A Roman citizen in politic, in the military, was a pride, an arrogant, a violent person, a superbus, a “super-being.” (If this looks familiar to someone it is no accidentally) Roman soldier means “super-being” over others that the early church actively re-processed that teaching with educating believers for shalom, and to assume ontologically the humane of Jesus Christ, the prince of shalom, the peacemaker, born again with the spirit of shalom. (John 3: 1ss; Matt. 6:)

During more than a half of century Colombians appeared they embodied the deformational power of violence structurally, and individually. Looks like violence became a business issue that enriches few groups which “industry” of kill for money, and power, and pride, but pushing peace out to perpetuate The Violence of Colombia, the great business.

Where is shalom in Colombia?
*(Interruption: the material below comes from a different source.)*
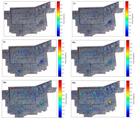 According to statistics, the maximum surface water ponding areas under different rainfall return periods are 1.23 × 104, 7.50 × 104, 26.54 × 104, 33.29 × 104, and 47.02 × 104 m3, respectively. The surface flooding conditions are shown in Figure 10. Under the 1a return period, only slight ponding occurs in some areas. Starting from the 2-year return period, the flooded area increases significantly, which is consistent with the conclusions from the pipe network drainage capacity analysis.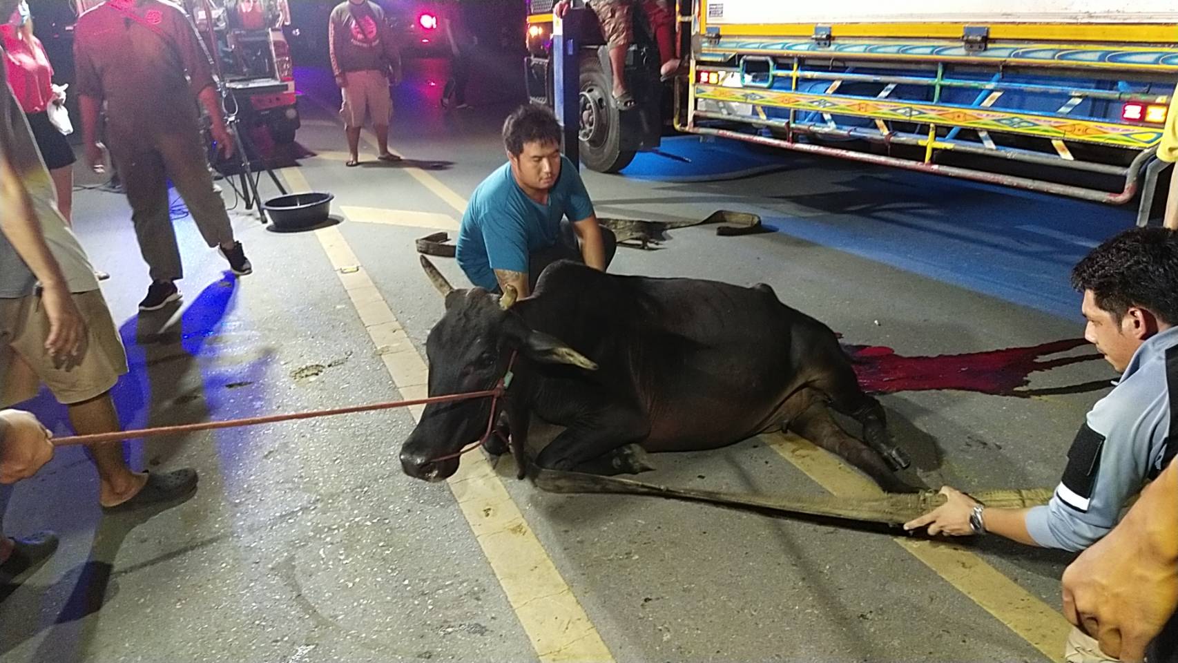 ด้านนายบุญส่ง แตงเอี่ยม เจ้าของวัวบอกว่า ตนเองมีวัว 2 ตัว คือ วัวแม่ลูกคู่นี้ โดยผูกไว้ในคอกด้วยกัน แต่คาดว่าเชือกคงจะหลุด หรือแม่วัวกระชากจนขาด จากนั้นก็พากันเดินออกมาจนมาถึงถนนใหญ่จึงทำให้ถูกรถชน

Could the agreement of peace make arise and restore the spirit of peace to all the people, and strength the education of peace to build peace on the land?
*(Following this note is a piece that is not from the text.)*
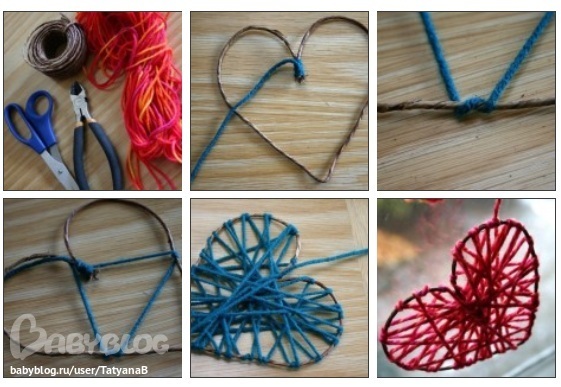 Следуя этой фотоинструкции,сделайте сердце из проволоки, а затем обтяните его нитками.

My dream is to see Colombia raising the banner of integral life, building peace brick by brick, with patience, hope, and love, to prepare the field for shalom, to celebrate the jubilee in the land of Jorge Eliecer Gaitan. (Dt.  25; Matt. 5: 38-48)

Addemdum: http://elpais.com/elpais/2016/10/03/opinion/1475515757_441155.html




8 thoughts on “Where is the peace in Colombia? Shalom in risk on a thorny field!
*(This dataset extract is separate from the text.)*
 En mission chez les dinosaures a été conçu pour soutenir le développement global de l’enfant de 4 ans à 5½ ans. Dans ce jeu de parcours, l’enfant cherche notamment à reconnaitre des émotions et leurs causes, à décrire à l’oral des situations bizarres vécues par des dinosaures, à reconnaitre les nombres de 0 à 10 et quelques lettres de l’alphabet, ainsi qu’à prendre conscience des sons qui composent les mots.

  1. It is certainly tragic how violence became socially and structurally imparted into the lives of the early Palestinians during the Roman conquest. We have seen from the past and are we are still seeing today how violence continues to play out past the morals and values of its people. I feel that the only way to reconcile our souls to shalom is to surrender our external desires to God. I pray in God’s peace that shalom will prevail .


    1. The double moral is rooted in the practice of promoting democracy while simultaneously develop weapons in businesses with cartels, governments, and rebelds, as a practice of dominion. It is immoral to play both democracy and violence confronting brothers and sisters of the same nations justified in opinions. It is criminal. Foreign policies must be respect own countries conflicts, and let them find their own destiny, soberanly. Mediation for dialogue is ok, but no interventionism.
      Peace is also a fruit of dialogues, no impositions by forces; that is Pax Romana.

      Liked by 2 people

    2. It’s also disconcerting how the Bible has been hijacked in such a way to justify such violence. If we are to use the hermeneutic of shalom, that has to be directly addressed and countered. Thank you for uplifting the violence in our world that is sometimes simply accepted or acknowledged as an impossible reality. Your call to lean into shalom is a starting place.

      Liked by 1 person

  2. Tito, Thank you for this passionate and poetic post. I think the United States is no different from Colombia in needing shalom in a thorny field. I appreciate your mention that the Gospels show peace as a daily practice of building relationships on justice and the spirit. Too often we say we’ll be peaceful once others stop making trouble instead of starting with ourselves. In Being Peace, Thich Nhat Hanh says that in the midst of this crazy, violent, thorny field, “we need people who can sit still and be able to smile, who can walk peacefully. We need people like that in order to save us.” He says the key to world peace is inner peace, and at the very least, it’s a good place to start.

    Liked by 1 person

    1. Thank you for your deep comment and solidarity for building peace in a world, where violence is a business producing multi-millionaire earning for making people to kill people. Peace must be a plan of teaching-learning, dialogically. So we need to train people for building shalom, in our daily journal.


  3. Thank you lifting up the situation in Colombia. When violence becomes a way of life it becomes ingrained in the overall fabric of the society. They know no other way to be. I fear as much for the children of Aleppo growing up in a world where all they see is bombing and destruction with no help to save them. What do we expect from the children of the world if we do not rescue them from these violent, oppressive conditions.